The opinion of the court was delivered by: Hon. Harry D. Leinenweber



The Plaintiff Paul Blair (hereinafter, "Plaintiff") filed this putative class action against an automobile dealership ("Cub Shaver") and a specialist in promotional activities for dealerships ("Tri-Auto Enterprises, LLC") alleging that the Defendants wrongfully used consumer credit reports to solicit potential customers to purchase automobiles in violation of the Fair Credit Reporting Act, 15 U.S.C. § 1681 et seq. (the "FCRA"). Cub Shaver was insured under an insurance policy issued by Scottsdale Insurance Company ("Scottsdale") which it and the Plaintiff contend provided liability insurance coverage for the alleged FCRA violations described in the Complaint. Scottsdale denied coverage and refused to provide a defense. As a result the Plaintiff negotiated a settlement directly with Cub Shaver and Tri-Auto. Since Cub Shaver was in the process of going out of business and Tri-Auto was thought to be near judgment proof, the proposed settlement obligated Cub Shaver to pay nothing to the proposed class and Tri-Auto would pay only the cost of providing notice to the class which was thought to be approximately $12,000. Cub Shaver was to confess judgment in the amount of $1 million, the limits of the Scottsdale policy and in return was to assign any indemnity rights it had against Scottsdale under its policy.

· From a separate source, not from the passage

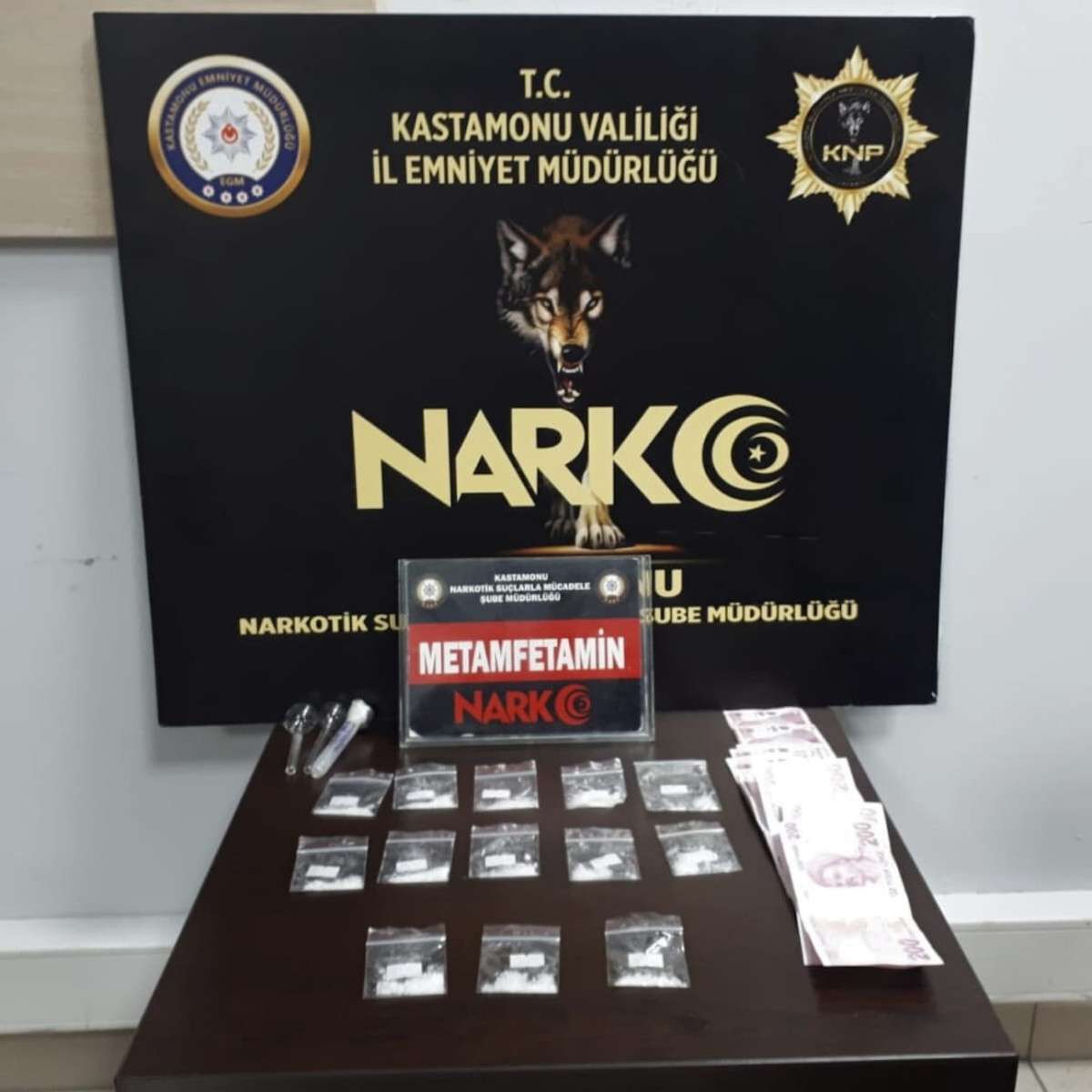Edinilen bilgiye göre, Kastamonu İl Emniyet Müdürlüğü Narkotik Suçlarla Mücadele Şube Müdürlüğü ekipleri tarafından, durdurulan bir araçta ve iki şahsın üstünde arama yapıldı. Aramada 4,64 gram metamfetamin, 3 adet uyuşturucu içiminde kullanılan cam düzenek ile suçtan elde edildiği değerlendirilen 3 bin TL nakit para ele geçirildi.Olayla ilgili yakalanan A.B. işlemlerinin ardından adliyeye sevk edildi. Hakim karşısına çıkartılan şahıs tutuklandı.

Plaintiff refers to this settlement as a "Guillen" settlement named after Guillen ex rel. Guillen v. Potomac Ins. Co. of Illinois, 785 N.E.2d 1 (Ill., 2003). In that case, the Illinois Supreme Court held that an assignment of an indemnity claim against an insurer was valid even though the settlement excused the insured (as is the case here) of being obligated to pay anything. The insurer had argued that since the insured owned nothing as a result of the settlement there was nothing to indemnity. However, in order to avoid the risk of collusion, the court stated that the insurer may challenge such a settlement made in its absence on the grounds of both reasonableness of the decision to settle and the reasonableness of the settlement amount.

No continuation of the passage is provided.